Munich Security Conference opens amid concerns about 'boundless crises'

The chairman of the Conference on Security Policy Wolfgang Ischinger addresses the Munich Security Conference in Munich, Germany, February 12, 2016. [Photo/Agencies]

MUNICH -- Top security and defense officials gathered in Munich for an annual security forum on Friday, focusing on Syrian conflicts, refugees, terrorism and other "boundless crises."

"The global strategic environment is bleak.

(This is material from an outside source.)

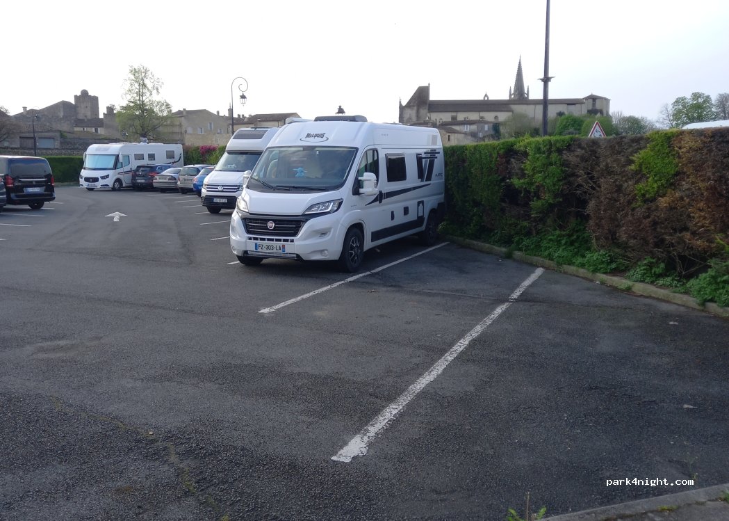 Parking camping-car ? En théorie oui, mais en pratique. En effet très pratique pour visiter cette ville superbe. Mais les voitures prennent les places qui par ailleurs ne sont pas d'une longueur adaptée aux camping-cars. Juste 4/5 places réellement utilisables si votre véhicule fait plus de 5 mètres. On déborde sur la voie de circulation du parking. Dommage pour une ville aussi touristique. Par contre en effet, l'aire de Lussac est très bien et très calme pour passer la nuit.
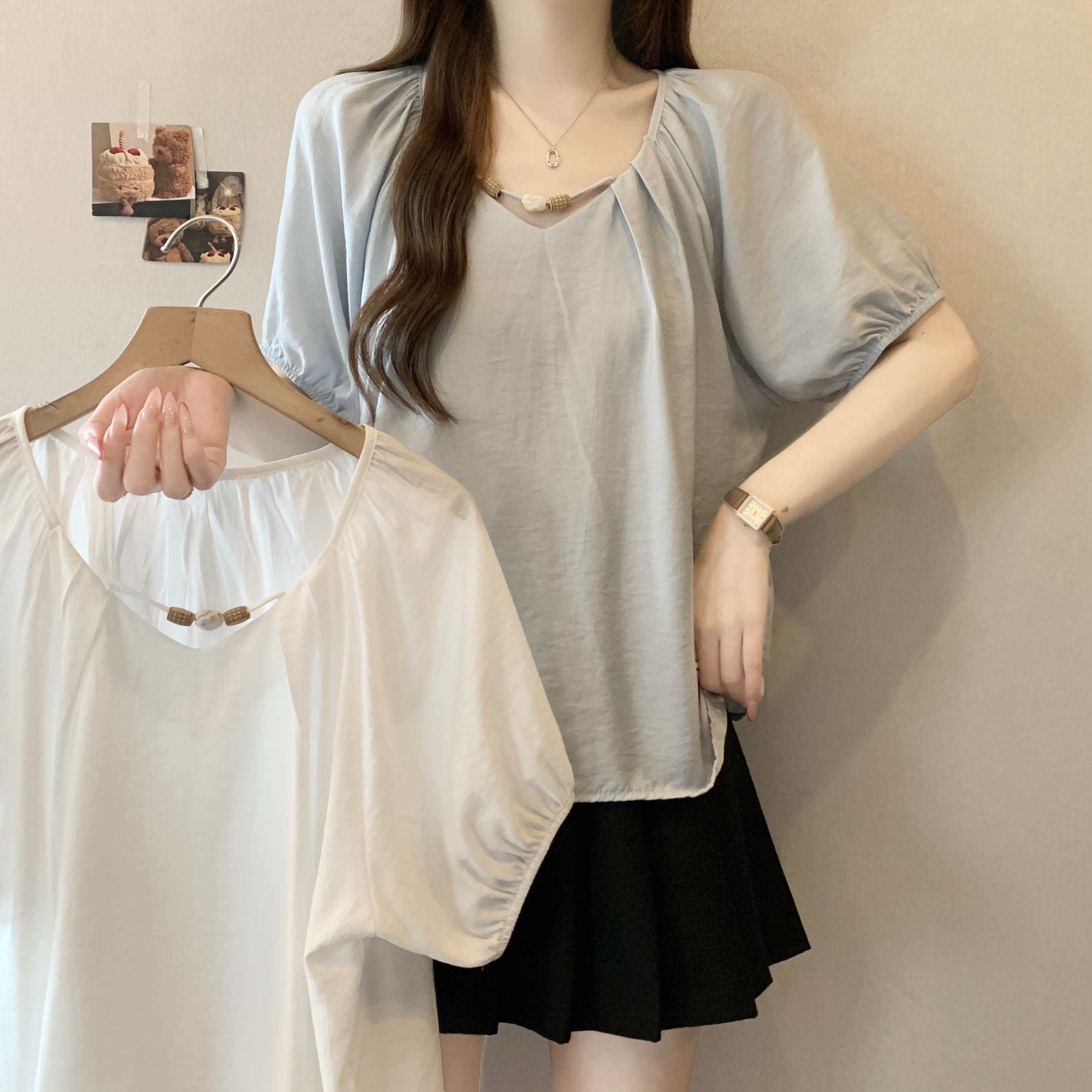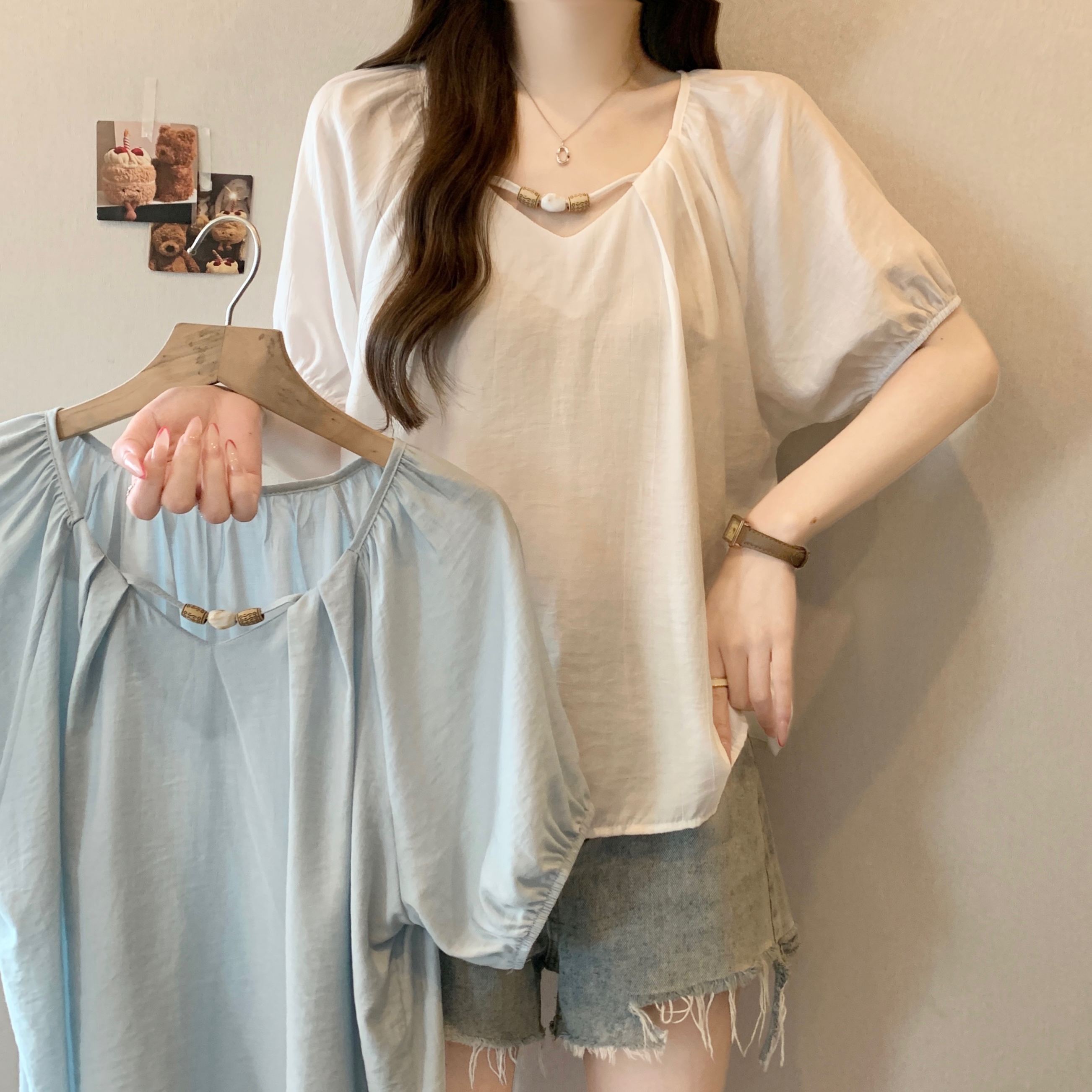 실사 빅 사이즈 여성 의류 지방 mm 미니멀리즘 바람 V넥 비즈 셔츠 루즈핏 슬림해 보이는 인형 셔츠 맨위

The international order in my view is in its worst shape since the end of the cold war," said Wolfgang Ischinger, Chairman of the Munich Security Conference, at the opening of the forum on Friday afternoon.

"Overwhelmed and helpless guardians are faced with increasingly boundless crises and empowered reckless spoilers," he added, referring to Syrian conflicts which had turned into a regional conflict and become the main driver of the biggest refugee crisis since World War Two.

Ischinger urged countries to show more solidarity and seek joint responses to the crises instead of solutions from merely national prospective.

The Syrian war, refugee crisis, Islamic State, Ukraine conflicts are among the key issues to be discussed at the forum from Friday to Sunday.

Some 600 decision makers including over 30 heads of states and governments and more than 70 ministers will attend the conference.

Participants include Russian Prime Minister Dmitry Medvedev, French Prime Minister Manuel Valls, US State Secretary John Kerry and his Russian counterpart Sergey Lavrov, Ukrainian President Petro Poroshenko, Iraqi Prime Minister Haider Al-Abadi and NATO General Secretary Jens Stoltenberg.

Fu Ying, Chairwoman of the Foreign Affairs Committee of the National People's Congress of China, was scheduled to attend a panel discussion on China on Saturday afternoon.

The conference, now at its 52th edition, started hours after top diplomats agreed to implement a nationwide "cessation of hostilities" in Syria within one week and to accelerate and expand the delivery of humanitarian aid immediately in the war-torn country.

Chinese Foreign Minister Wang Yi said the decisions represented a "positive and meaningful progress" which "China is pleased to see."

He urged all sides involved to make efforts to get the agreements implemented, adding that China would continue to participate in the peace process in Syria, and, when necessary, continue to play an active and constructive role and offer proposals to help resolve the Syria issue.